Ron May Talks Nano
Ron May is a local legend around Chicago. He haunts all the Windy City tech conferences, dragging behind him shopping bags full of literature that he collects at booths and recording the talks that he finds interesting. Every week, he sends out an e-mailed May report, which you can also find online. He has plenty of readers, and he adds a lot of their comments and insights to his product (I like this idea; free content. Send all your valuable contributions to steven.alan.edwards@gmail.com. I promise full attribution). Ron started out covering mainly the IT industry--hardware, software and financial dealings--but he has been lately branching out to other areas, including nanotech.
From his latest report:
“There are big changes taking place in nanotech over the last eighteen months. Rather than the manipulation of nano particles, things are now moving toward industrial and bulk production. The key word is carbon nanotubes. Remember that term. It may supplant the general term "nanotech" over the next few years. It could be the replacement for silicon based electronics…”
Well, I wouldn’t go that far. Nanotech is hardly a one-trick pony. But nanotubes do have a lot of potential. He goes on:
”Nanotubes could completely replace silicon-based electronics such as chips. They can extend Moore's Law by three to four orders of magnitude. We can foreseeably put a thousand to ten thousand times the density of transistors on the same space. We have started to reach the end of Moore's Law in silicon technology. Another area for nanotubes is space research, alternative energy sources, helmets, glass for cars, visors, all sorts of things.”
Ah, the bright shining enthusiasm of the newly converted. He continues:
”Room temperature superconductivity is another possibility. There is an enormous potential to replace copper wires. If 25% of the copper wires in the US are replaced with carbon nanotubes, assuming the technology can be perfected, it would eliminate the need for imported oil, since we suffer staggering losses in the transmission of electricity. I would like to see that study --- so far, I have just heard about it.”

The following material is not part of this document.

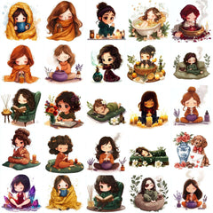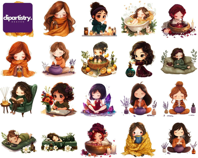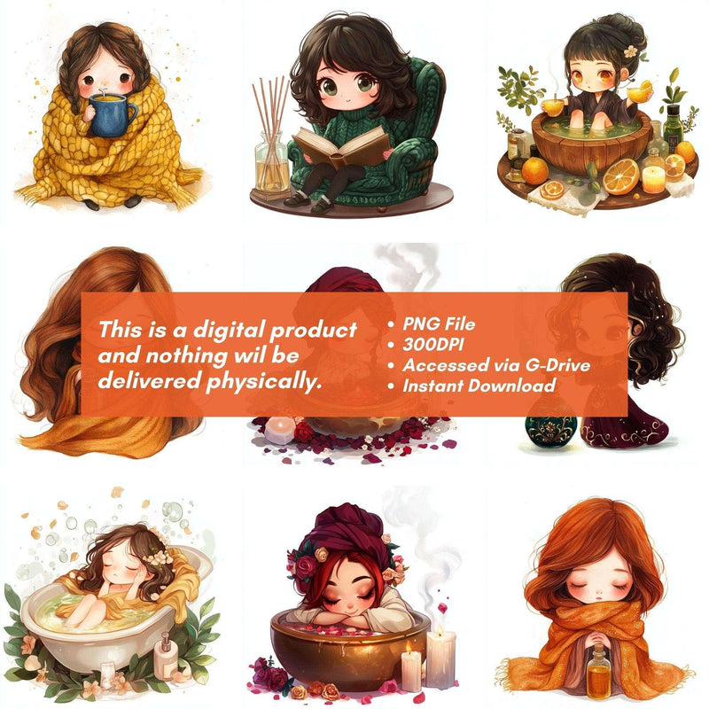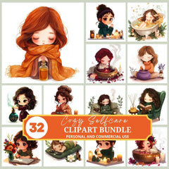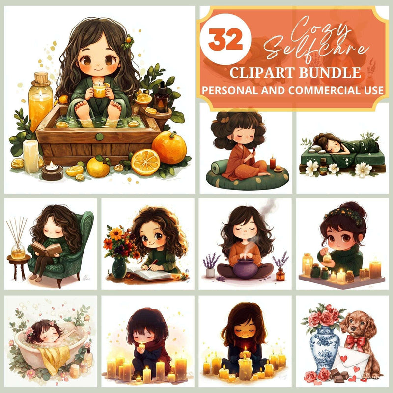 Pamper yourself with this Cozy Selfcare Clipart set, featuring relaxing designs, perfect for wellness crafts.

Before he died, Richard Smalley, the Nobel prize-winning discoverer of fullerenes, was a big supporter of the idea of carbon nanotube-based transmission lines. I’m not sure that nanotubes are really superconductors, but truly they are superb conductors, at least an order of magnitude better than copper, which dissipates a lot of current into heat. Obviously, there is not enough manufacturing capacity for carbon nanotubes right now and the expense is too high to make a much of a dent in the need for imported oil right now, but it is a goal devoutly to be wished (wouldn’t you really love to tell the sheiks where to put their black, scummy stuff?). And the possibility is real; carbon nanotubes are made entirely of carbon, which is one of the most abundant elements on this planet. If we can get the cost down far enough (and it is falling rapidly), nanotube transmission lines are within the realm of possibility.
And the fact that Ron May is now talking about nanotechnology is a good sign. The message is being amplified.